Reasoning Text-to-Video Retrieval via Digital Twin Video Representations and Large Language Models

TL;DR

This work defines reasoning text-to-video retrieval, addressing implicit queries that require multi-step reasoning and object-level grounding within videos. It introduces a two-stage approach that first converts videos into digital twin representations and then uses compositional alignment for fast candidate retrieval, followed by LLM-based reasoning with just-in-time refinement to ground query conditions on refined representations. The authors release ReasonT2VBench-135 and ReasonT2VBench-1000 to quantify performance on implicit queries, demonstrating substantial gains over strong baselines and state-of-the-art results on conventional T2V benchmarks. The approach preserves fine-grained spatial details necessary for grounding and offers a scalable framework for reasoning-driven video retrieval with practical impact on search, recommendation, and context-aware querying.

Abstract

The goal of text-to-video retrieval is to search large databases for relevant videos based on text queries.
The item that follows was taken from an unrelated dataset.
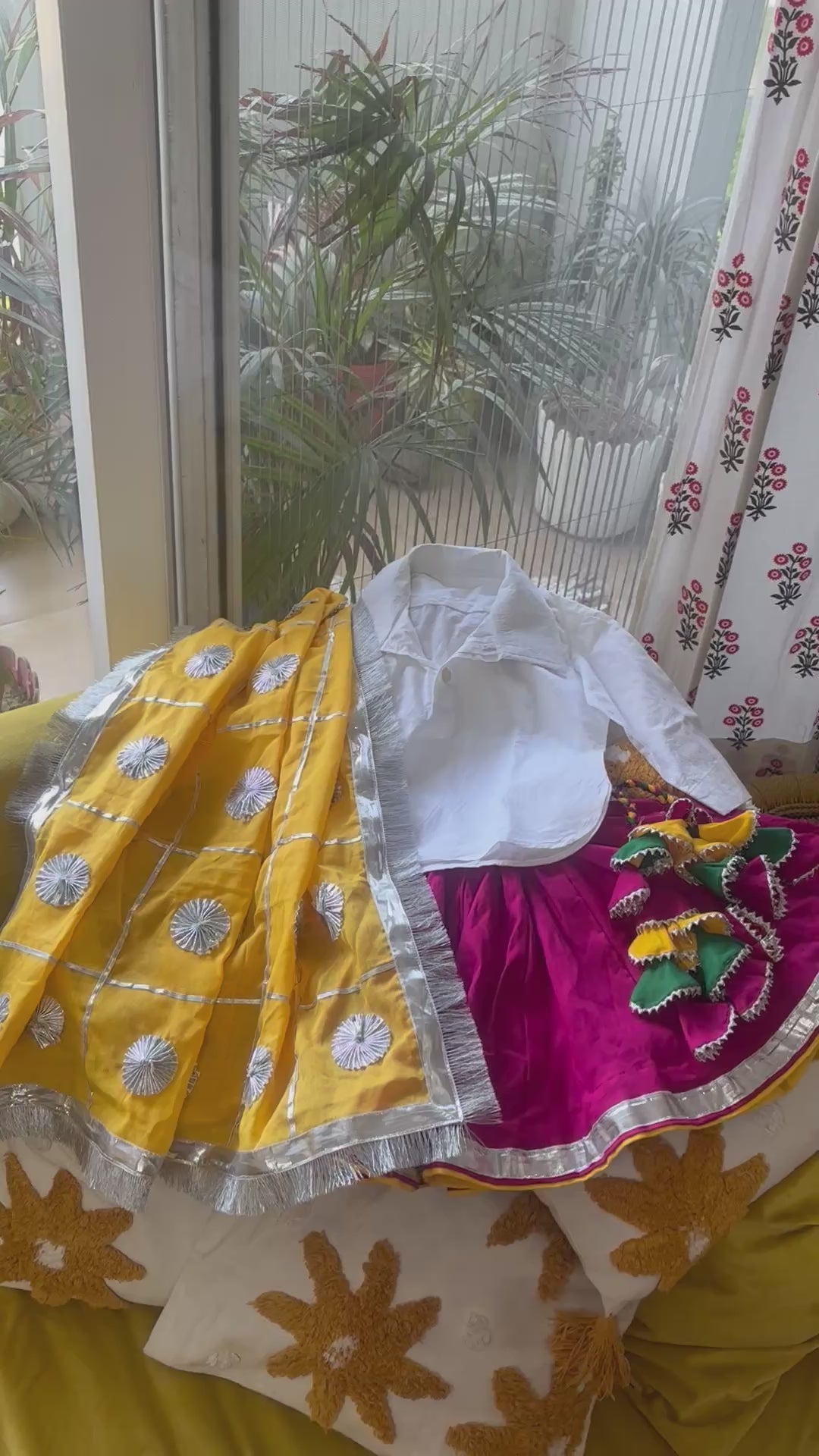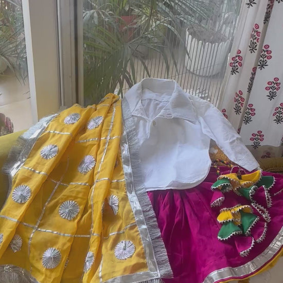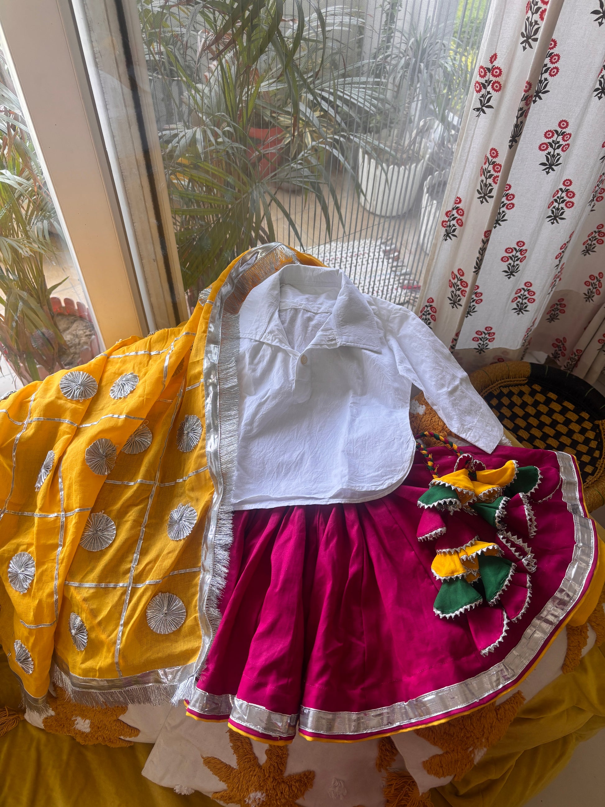 Beautiful pink cotton Haryanvi Daman Kurti Chunni set for girls with yellow Reza laaman border, white cotton kurti, and yellow dupatta with silver gota work. Authentic handmade traditional kids dress by Dhaakad Bazaar.

Existing methods have progressed to handling explicit queries where the visual content of interest is described explicitly; however, they fail with implicit queries where identifying videos relevant to the query requires reasoning. We introduce reasoning text-to-video retrieval, a paradigm that extends traditional retrieval to process implicit queries through reasoning while providing object-level grounding masks that identify which entities satisfy the query conditions. Instead of relying on vision-language models directly, we propose representing video content as digital twins, i.e., structured scene representations that decompose salient objects through specialist vision models. This approach is beneficial because it enables large language models to reason directly over long-horizon video content without visual token compression. Specifically, our two-stage framework first performs compositional alignment between decomposed sub-queries and digital twin representations for candidate identification, then applies large language model-based reasoning with just-in-time refinement that invokes additional specialist models to address information gaps. We construct a benchmark of 447 manually created implicit queries with 135 videos (ReasonT2VBench-135) and another more challenging version of 1000 videos (ReasonT2VBench-1000). Our method achieves 81.2% R@1 on ReasonT2VBench-135, outperforming the strongest baseline by greater than 50 percentage points, and maintains 81.7% R@1 on the extended configuration while establishing state-of-the-art results in three conventional benchmarks (MSR-VTT, MSVD, and VATEX).

Paper Structure

This paper contains 22 sections, 2 equations, 3 figures, 5 tables.

Figures (3)

  • Figure 1: Comparison between (a) traditional text-to-video retrieval and (b) reasoning text-to-video retrieval. Traditional retrieval accepts explicit queries and returns matching videos without identifying target objects. In contrast, reasoning retrieval interprets indirect query that demand multiple reasoning steps, while simultaneously localizing the referenced object through segmentation masks (shown in green) within the retrieved video.
  • Figure 2: Overall framework of the proposed reasoning text-to-video retrieval method.
  • Figure 3: Qualitative comparison of reasoning text-to-video retrieval across three implicit queries on ReasonT2VBench-135. Red borders indicate incorrect or failed retrievals where methods return irrelevant videos, while green borders show correct retrieval and grounding. Our method correctly identifies relevant videos and grounds the target objects via segmentation masks (in purple).